● TASK DIRECTIONS: Write out a word-for-word repetition of the lines that come before the line containing "瑞数信息首席技术官马蔚彦强调" in the listing below, along with that line itself, omitting pictures.

● SOURCE MATERIAL:
== == ==
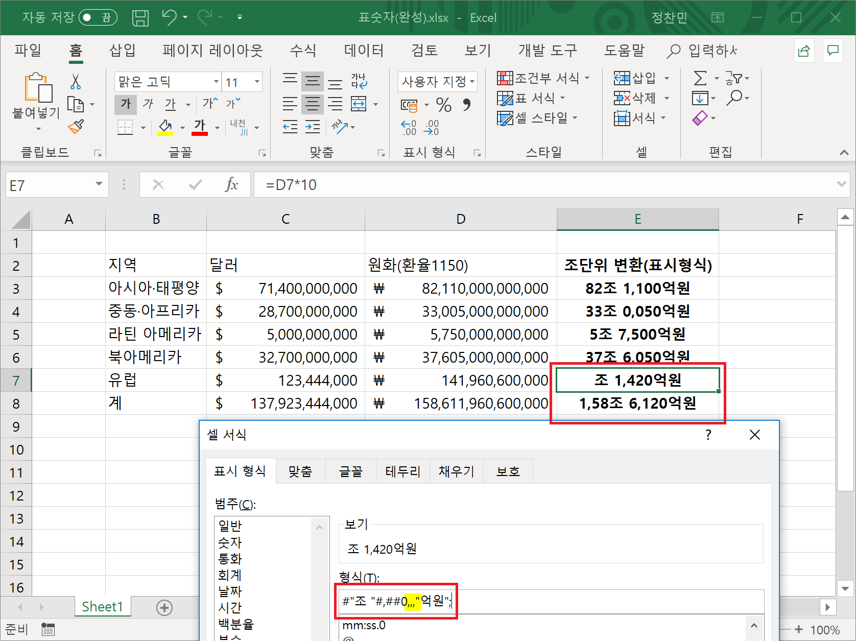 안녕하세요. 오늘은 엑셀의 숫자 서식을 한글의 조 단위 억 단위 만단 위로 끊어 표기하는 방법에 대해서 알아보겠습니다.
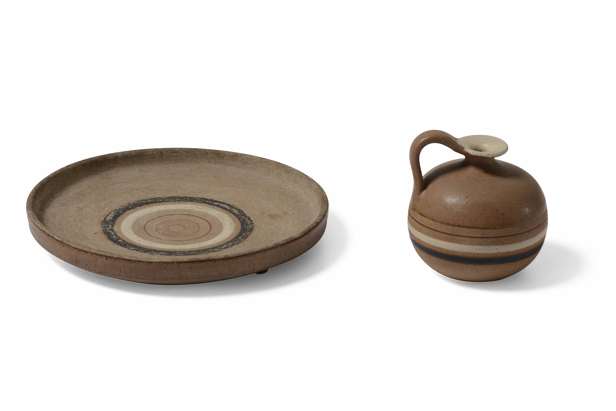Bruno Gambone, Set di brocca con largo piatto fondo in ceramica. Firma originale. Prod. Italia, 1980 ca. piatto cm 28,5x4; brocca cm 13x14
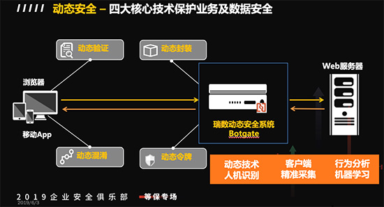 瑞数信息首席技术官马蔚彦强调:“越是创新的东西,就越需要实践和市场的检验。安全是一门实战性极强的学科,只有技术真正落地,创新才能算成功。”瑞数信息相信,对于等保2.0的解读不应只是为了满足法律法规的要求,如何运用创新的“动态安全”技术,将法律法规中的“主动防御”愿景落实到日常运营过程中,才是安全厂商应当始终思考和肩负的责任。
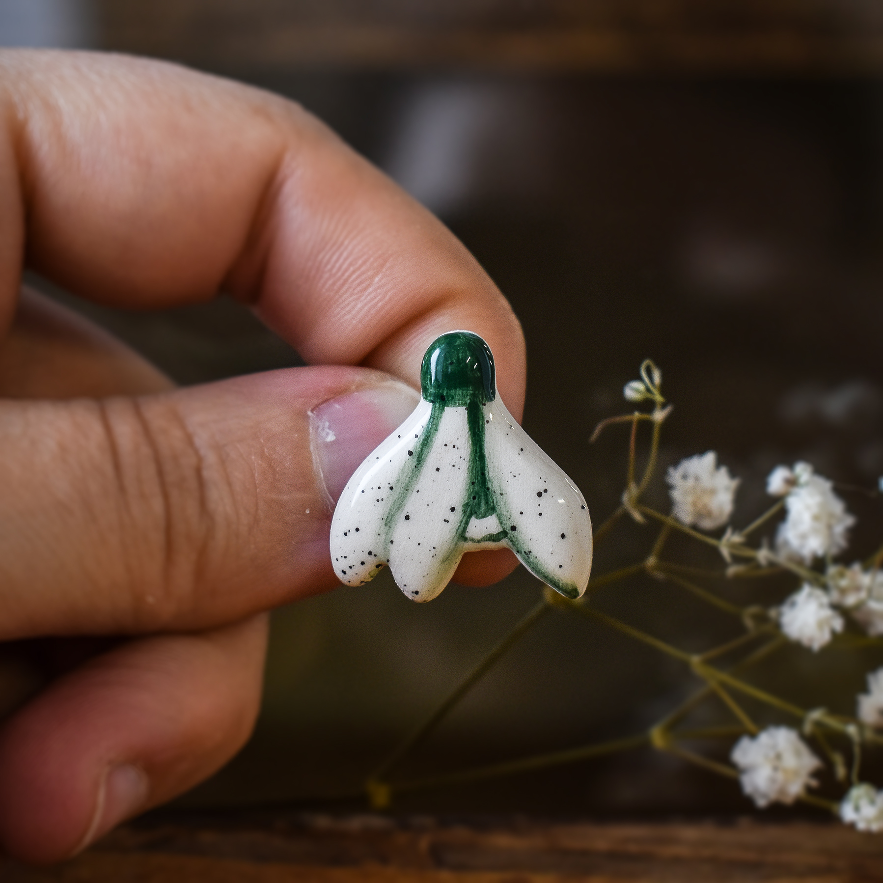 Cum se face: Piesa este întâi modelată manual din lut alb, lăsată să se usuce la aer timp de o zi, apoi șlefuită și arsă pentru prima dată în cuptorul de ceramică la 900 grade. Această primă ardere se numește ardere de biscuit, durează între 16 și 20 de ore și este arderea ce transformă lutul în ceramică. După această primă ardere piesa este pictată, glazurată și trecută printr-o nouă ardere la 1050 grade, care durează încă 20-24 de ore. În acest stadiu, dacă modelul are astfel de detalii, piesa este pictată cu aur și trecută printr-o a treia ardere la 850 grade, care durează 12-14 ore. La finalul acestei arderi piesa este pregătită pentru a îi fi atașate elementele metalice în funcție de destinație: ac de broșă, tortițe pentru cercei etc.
== == ==
● ANSWER SPACE:
 안녕하세요. 오늘은 엑셀의 숫자 서식을 한글의 조 단위 억 단위 만단 위로 끊어 표기하는 방법에 대해서 알아보겠습니다.
Bruno Gambone, Set di brocca con largo piatto fondo in ceramica. Firma originale. Prod. Italia, 1980 ca. piatto cm 28,5x4; brocca cm 13x14
 瑞数信息首席技术官马蔚彦强调:“越是创新的东西,就越需要实践和市场的检验。安全是一门实战性极强的学科,只有技术真正落地,创新才能算成功。”瑞数信息相信,对于等保2.0的解读不应只是为了满足法律法规的要求,如何运用创新的“动态安全”技术,将法律法规中的“主动防御”愿景落实到日常运营过程中,才是安全厂商应当始终思考和肩负的责任。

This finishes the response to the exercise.